In alcuni paesi, come Algeria, Egitto e Turchia, tali fazioni islamiste hanno attaccato in maniera violenta le istituzioni e in alcuni casi, forti di un certo consenso popolare, hanno raggiunto il potere così da esercitare politiche che hanno fortemente limitato i diritti umani.
Pur non sussistendo una definizione univoca e condivisa di terrorismo, con tale accezione si fa riferimento nel diritto internazionale ad una serie di attività criminose compiute con lo scopo di provocare panico negli individui, in gruppi di persone o in un‟intera collettività e quindi perseguire finalità ulteriori, solitamente di natura politica (11).
Ogni Stato ha formulato una propria definizione.

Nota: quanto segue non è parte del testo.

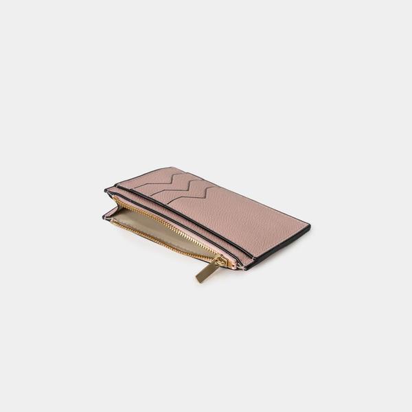 コイン、カード、紙幣をコンパクトなケースにまとめた、ファスナー付きポケット付きカードホルダーは、小さめハンドバッグやポケットにも簡単に収まり身軽に過ごしたいあなたにぴったり。ブラックラッカー仕上げのコスタエッジがエレガンスを引き立てます。
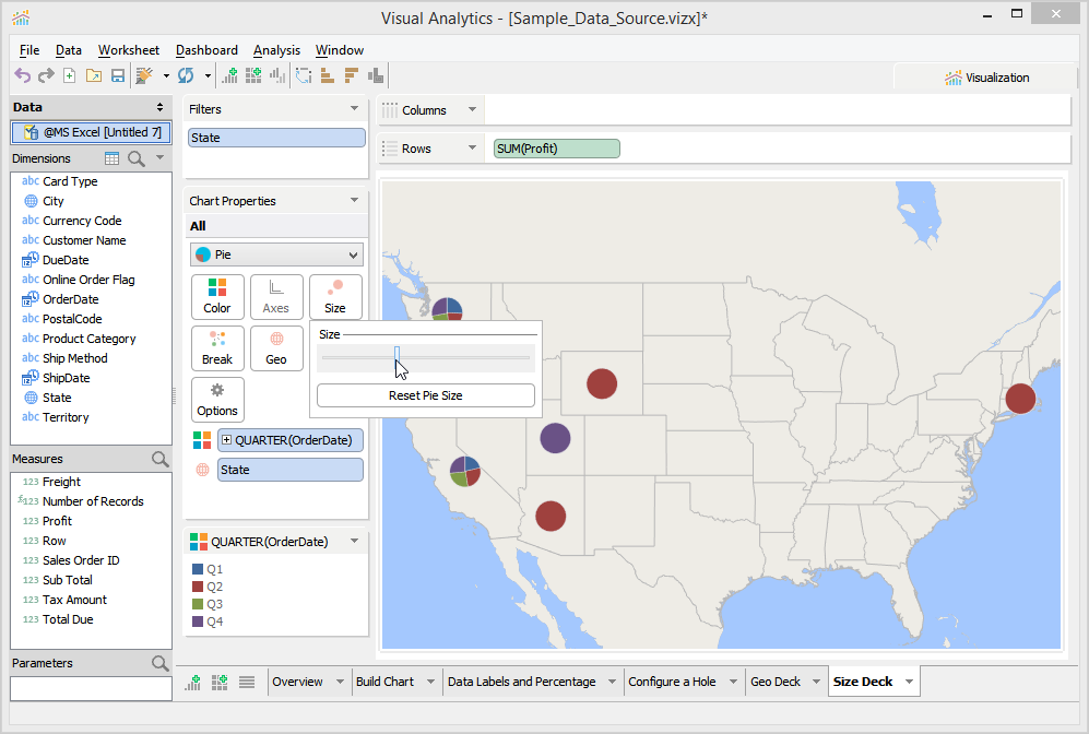 In the sample data source, we have changed the YEAR(OrderDate) to QUARTER(OrderDate). You will notice that Visualization has moved the QUARTER(OrderDate) Dimension to the Color Deck but retained the SUM(Profit) Measure in the Rows Deck. You will also notice that Size Deck is disabled. You can use this deck when you plot a symbol map via Geo Deck.

Ad esempio, gli Stati Uniti hanno definito il "terrorismo" ogni violenza motivata politicamente e praticata contro bersagli non combattenti da parte di gruppi sub-nazionali o agenti clandestini (12). Il "gruppo terroristico" è stato considerato un gruppo che pratica attività terroristiche o che contiene sottogruppi che le praticano. Se l'azione violenta coinvolge i cittadini o la proprietà di più di un paese, allora si tratta di "terrorismo internazionale".
Tale definizione non tiene in considerazione la possibilità che le azioni terroristiche siano compiute da un singolo uomo (il c.d. "lupo solitario") ed è pertanto insufficiente. Inoltre, non è sempre coerente con le opinioni prevalenti in altri paesi.
L'Unione Europea ha invece indicato - in una Decisione quadro del Consiglio del giugno 2002 - una lista di atti che possono essere considerati terroristici. Nello specifico, si parla di "gruppo terroristico" con riferimento ad un'organizzazione di più di due persone che agisce per un determinato periodo di tempo al fine di realizzare tali atti. Infine, vengono considerati punibili come reati terroristici l'istigazione o l'aiuto a, nonché il tentativo fallito di, commettere atti del genere.
Occorre tuttavia considerare che alcuni Stati membri non sono riusciti ad adeguare prontamente la propria legislazione alla Decisione quadro.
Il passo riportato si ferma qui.